2022-07-31
Using Prometheus's recent '@ end()' PromQL feature to reduce graph noise
Modern versions of Prometheus support a special '@' time modifier
on PromQL queries.
These let you evaluate a part of the query at a specific, fixed
time, rather than at either the 'now' of an instant query or at
every step of a range query. In addition to
literal times, this can use two special time functions, 'start()
'
and 'end()
', which evaluate to the start and end of a range query.
The @ modifier was introduced (as a then-experimental feature) in
Introducing the '@' Modifier, which
suggested using it with 'topk()
'. The idea here is that this makes
it easy to graph the top N (or bottom N, or some other ranking) of
things. In terms of Grafana's $__interval
and $__range
,
you'd write a PromQL expression structured like:
rate(thing_bytes[$__interval]) and topk(10, rate(thing_bytes[$__range] @ end() ) )
This is a nice usage trick and well worth remembering in any context where you're limiting a graph to only the most interesting N things.

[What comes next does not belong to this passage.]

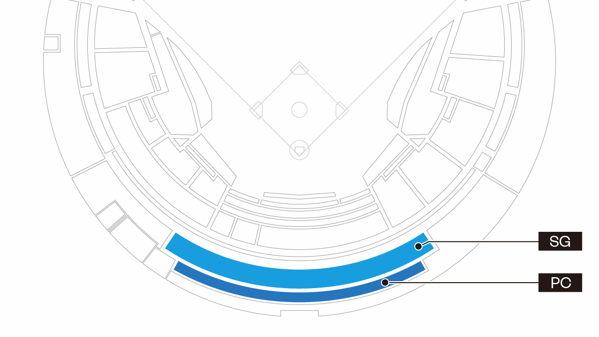 バックネット裏から俯瞰して試合を観戦できる2階席(フロア4)のエリア前方にあるシートです。投球や打球の球筋はもちろん、試合展開で随時変わる守備シフト、イニング間イベント、ZOZOマリン名物の打ち上げ花火も楽しめるお席です。
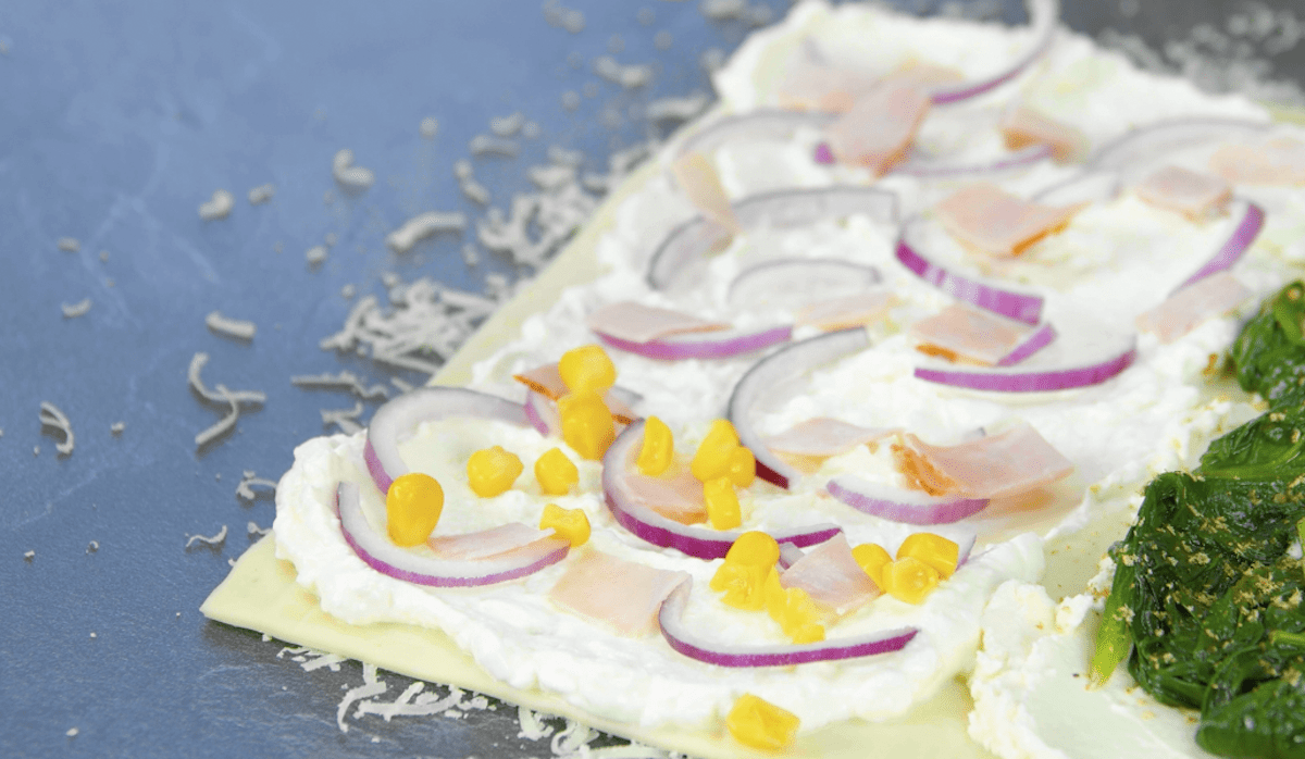 3. Streiche Frischkäse auf den Rest des Teiges und verteile darauf Zwiebeln, Kochschinken und Mais.

Another case I use '@ end()' for is if I have some metric with a lot of time series, but many of the time series over the range will have no activity. For example, you might have systems with network interfaces that are only active some of the time, or software RAID arrays (or disks) that are frequently idle (or that have too low volume to be interesting). Here, you can use the same approach to only include in your graph metrics that are active over the time period, with a PromQL query structured like:
rate(thing_bytes[$__interval]) and ( rate(thing_bytes[$__range] @ end()) > 0 )
You could always do something to exclude such uninteresting time series in PromQL and Grafana, but in my view this new approach is the best one.
This approach is not flawless. For a start, you have to repeat the query twice. Another issue is that if you refresh your Grafana dashboard, a new time series may suddenly show up on the panel. In a sense this is fair, because whatever it is now has enough activity to be interesting to you. In practice it can be a bit annoying to have things jump around because the number of metrics in a panel keeps changing. This is especially potentially an issue if you have Grafana dashboards that are set to automatically update themselves every so often.
(It also assumes implicitly that something having no activity over the time range isn't interesting to you. This isn't always the case. But you have to make choices about what information to present on dashboards; you often can't fit in everything.)